[Exercise goal] Although the records contain pictures, none belong in the copy: restate word for word only the lines from the one with "Ad esempio, alcuni" through the one with "這是在安徽淮北一處試驗場準備", both included.

[Input records]

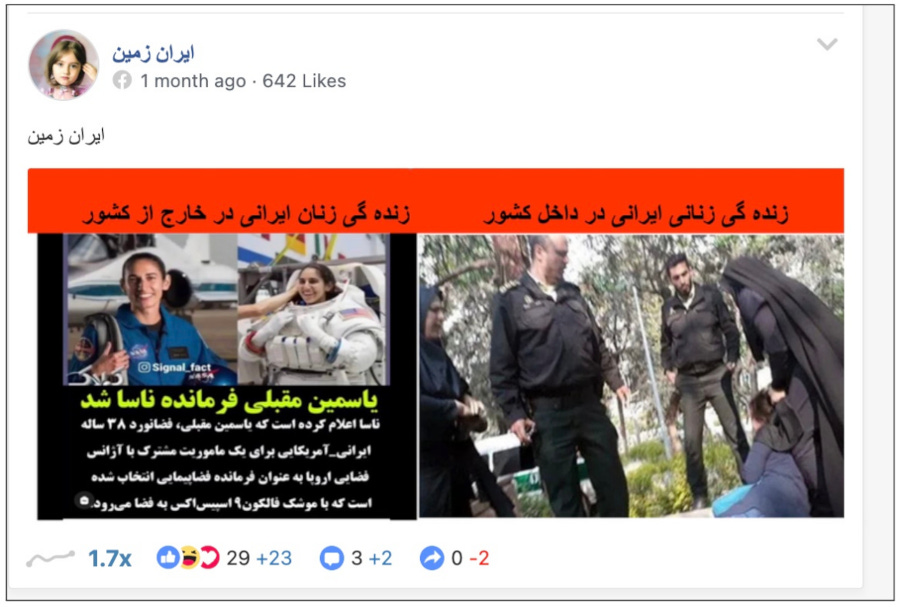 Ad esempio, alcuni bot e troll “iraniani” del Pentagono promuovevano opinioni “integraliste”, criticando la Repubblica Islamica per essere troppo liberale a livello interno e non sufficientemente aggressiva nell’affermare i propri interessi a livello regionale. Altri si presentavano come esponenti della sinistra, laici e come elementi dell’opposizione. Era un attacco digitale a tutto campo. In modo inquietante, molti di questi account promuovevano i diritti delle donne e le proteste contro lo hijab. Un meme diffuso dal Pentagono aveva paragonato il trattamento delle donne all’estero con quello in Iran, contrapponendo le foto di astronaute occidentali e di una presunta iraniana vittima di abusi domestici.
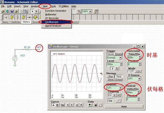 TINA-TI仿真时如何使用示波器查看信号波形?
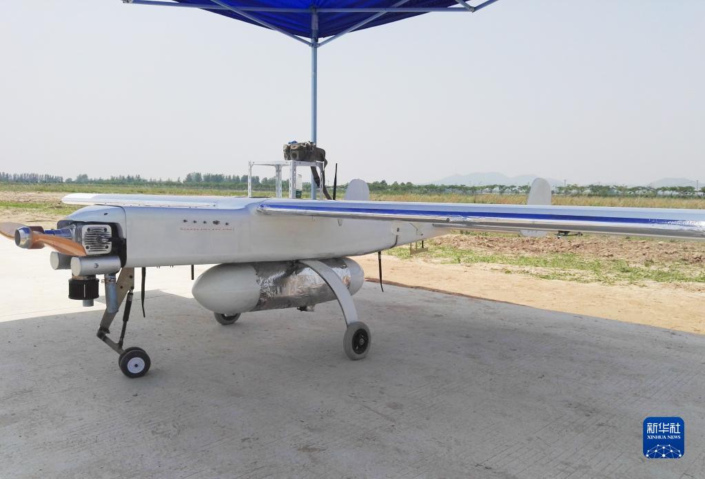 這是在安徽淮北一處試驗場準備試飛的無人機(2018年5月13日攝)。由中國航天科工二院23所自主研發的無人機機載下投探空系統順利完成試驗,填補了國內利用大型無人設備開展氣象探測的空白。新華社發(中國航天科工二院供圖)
...
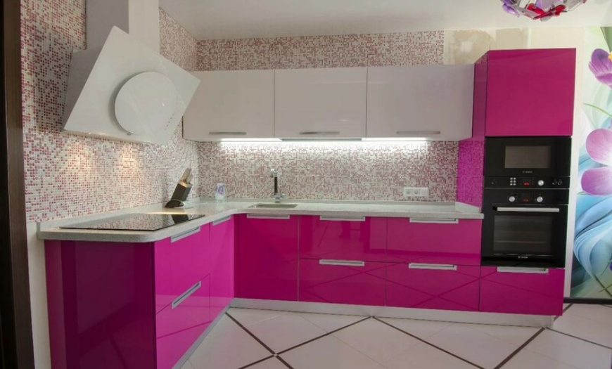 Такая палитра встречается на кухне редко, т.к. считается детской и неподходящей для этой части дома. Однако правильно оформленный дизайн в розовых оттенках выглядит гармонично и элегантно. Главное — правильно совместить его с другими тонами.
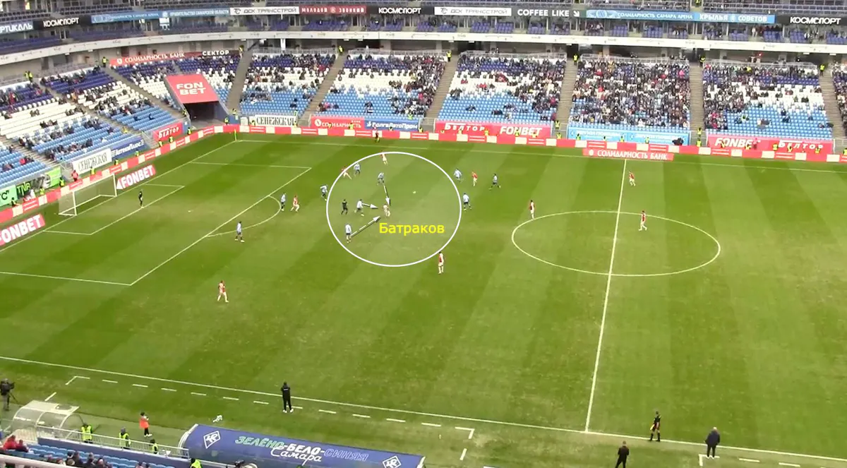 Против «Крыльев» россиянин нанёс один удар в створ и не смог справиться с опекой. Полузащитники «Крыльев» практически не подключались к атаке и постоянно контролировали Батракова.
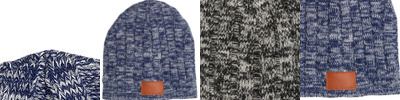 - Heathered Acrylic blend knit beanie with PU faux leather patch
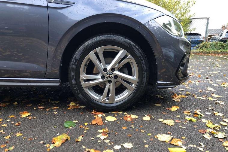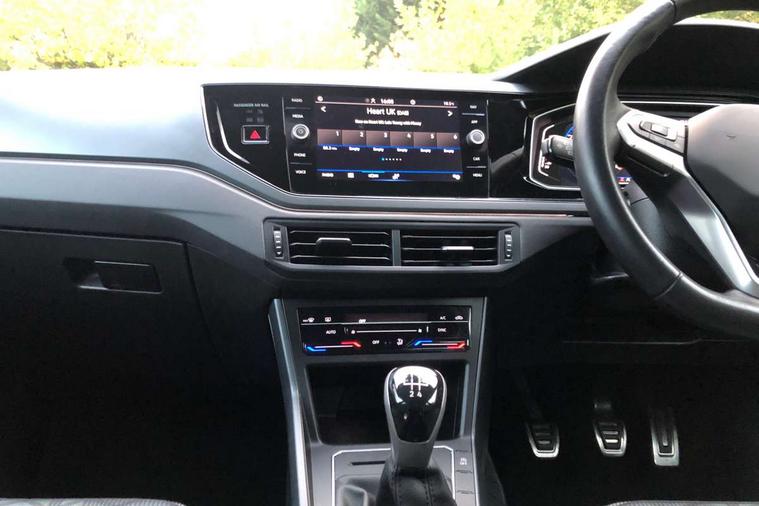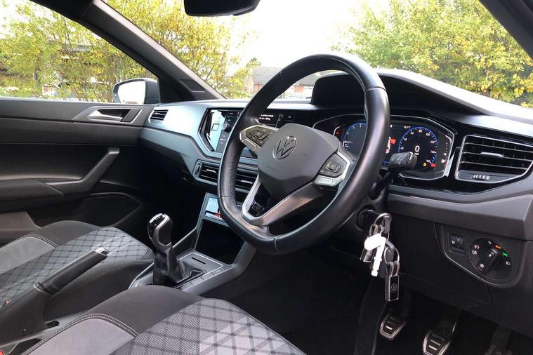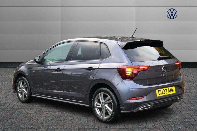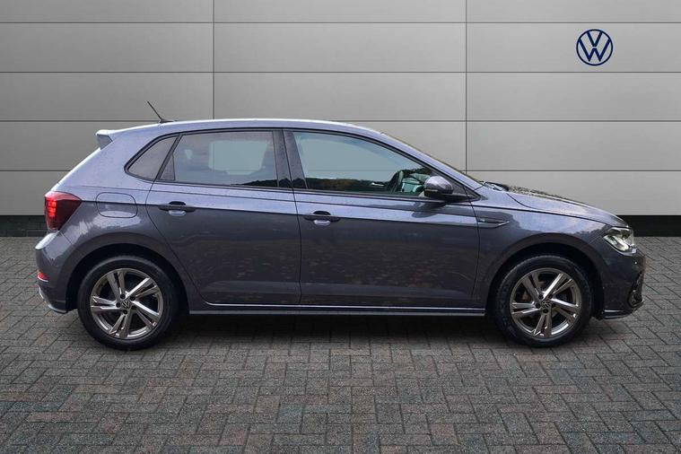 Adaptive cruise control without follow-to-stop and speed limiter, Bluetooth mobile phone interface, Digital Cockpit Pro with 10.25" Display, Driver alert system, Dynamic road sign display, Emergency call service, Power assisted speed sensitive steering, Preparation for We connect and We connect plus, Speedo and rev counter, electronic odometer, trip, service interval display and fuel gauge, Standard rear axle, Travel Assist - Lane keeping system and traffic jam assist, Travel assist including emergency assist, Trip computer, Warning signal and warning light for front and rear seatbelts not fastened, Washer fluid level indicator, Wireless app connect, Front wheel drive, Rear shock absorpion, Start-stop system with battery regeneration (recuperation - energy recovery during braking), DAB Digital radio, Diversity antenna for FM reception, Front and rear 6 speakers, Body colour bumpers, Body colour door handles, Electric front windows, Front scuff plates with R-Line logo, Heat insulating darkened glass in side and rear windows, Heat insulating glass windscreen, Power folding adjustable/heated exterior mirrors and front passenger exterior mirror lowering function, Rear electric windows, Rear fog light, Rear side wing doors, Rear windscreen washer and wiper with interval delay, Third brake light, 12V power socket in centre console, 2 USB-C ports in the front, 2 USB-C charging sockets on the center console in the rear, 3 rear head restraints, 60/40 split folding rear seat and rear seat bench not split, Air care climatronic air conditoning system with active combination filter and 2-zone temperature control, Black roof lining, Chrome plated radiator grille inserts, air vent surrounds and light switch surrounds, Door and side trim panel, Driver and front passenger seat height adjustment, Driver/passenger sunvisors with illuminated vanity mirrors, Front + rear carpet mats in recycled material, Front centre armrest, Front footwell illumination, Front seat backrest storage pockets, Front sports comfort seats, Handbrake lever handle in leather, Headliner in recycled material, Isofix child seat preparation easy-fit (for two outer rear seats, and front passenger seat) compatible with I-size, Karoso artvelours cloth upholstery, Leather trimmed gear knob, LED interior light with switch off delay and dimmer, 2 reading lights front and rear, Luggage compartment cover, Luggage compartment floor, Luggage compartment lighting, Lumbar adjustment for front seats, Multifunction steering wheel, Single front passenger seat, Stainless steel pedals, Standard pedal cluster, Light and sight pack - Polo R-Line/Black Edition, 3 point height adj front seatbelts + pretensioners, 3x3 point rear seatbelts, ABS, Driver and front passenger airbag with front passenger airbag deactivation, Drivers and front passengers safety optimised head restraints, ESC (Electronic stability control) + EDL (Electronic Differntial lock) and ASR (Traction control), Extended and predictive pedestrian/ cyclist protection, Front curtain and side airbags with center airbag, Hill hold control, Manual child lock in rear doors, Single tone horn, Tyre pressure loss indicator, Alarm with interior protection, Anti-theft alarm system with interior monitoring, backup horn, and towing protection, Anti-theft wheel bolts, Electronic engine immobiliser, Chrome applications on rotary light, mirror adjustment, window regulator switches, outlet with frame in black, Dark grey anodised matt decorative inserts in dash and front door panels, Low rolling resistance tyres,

[Exercise answer]
 Ad esempio, alcuni bot e troll “iraniani” del Pentagono promuovevano opinioni “integraliste”, criticando la Repubblica Islamica per essere troppo liberale a livello interno e non sufficientemente aggressiva nell’affermare i propri interessi a livello regionale. Altri si presentavano come esponenti della sinistra, laici e come elementi dell’opposizione. Era un attacco digitale a tutto campo. In modo inquietante, molti di questi account promuovevano i diritti delle donne e le proteste contro lo hijab. Un meme diffuso dal Pentagono aveva paragonato il trattamento delle donne all’estero con quello in Iran, contrapponendo le foto di astronaute occidentali e di una presunta iraniana vittima di abusi domestici.
 TINA-TI仿真时如何使用示波器查看信号波形?
 這是在安徽淮北一處試驗場準備試飛的無人機(2018年5月13日攝)。由中國航天科工二院23所自主研發的無人機機載下投探空系統順利完成試驗,填補了國內利用大型無人設備開展氣象探測的空白。新華社發(中國航天科工二院供圖)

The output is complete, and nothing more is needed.